> REQUIRED ACTION: Your copy of the listing should be exact and should contain no pictures.
___ SOURCE MATERIAL ___
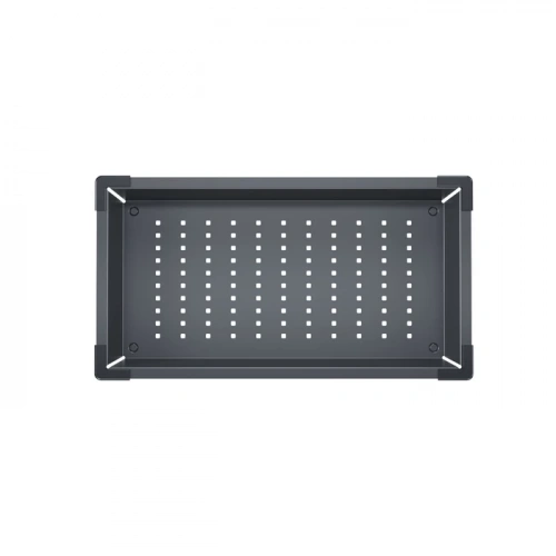 Стильный полезный аксессуар – коландер в трендовом графитовом цвете – дает новые возможности для интересных дизайнерских решений на кухне. Отверстия на дне позволяют использовать его как дополнительную рабочую поверхность: для разморозки и хранения продуктов, сушки посуды и столовых приборов, мытья овощей и фруктов.
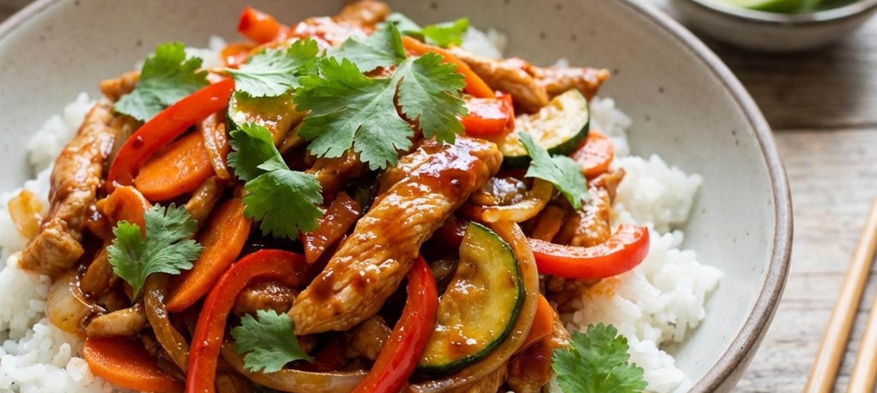 - 3Serviți imediat alături de o porție de orez fiert și presărați coriandru proaspăt tocat deasupra.
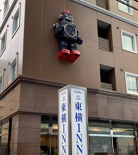 かつて、玩具の街として賑わった蔵前の街で、全長約3mの巨大ブリキロボットがホテルの入口でお迎えしてくれる。
___
> EXERCISE OUTPUT:
 Стильный полезный аксессуар – коландер в трендовом графитовом цвете – дает новые возможности для интересных дизайнерских решений на кухне. Отверстия на дне позволяют использовать его как дополнительную рабочую поверхность: для разморозки и хранения продуктов, сушки посуды и столовых приборов, мытья овощей и фруктов.
 - 3Serviți imediat alături de o porție de orez fiert și presărați coriandru proaspăt tocat deasupra.
 かつて、玩具の街として賑わった蔵前の街で、全長約3mの巨大ブリキロボットがホテルの入口でお迎えしてくれる。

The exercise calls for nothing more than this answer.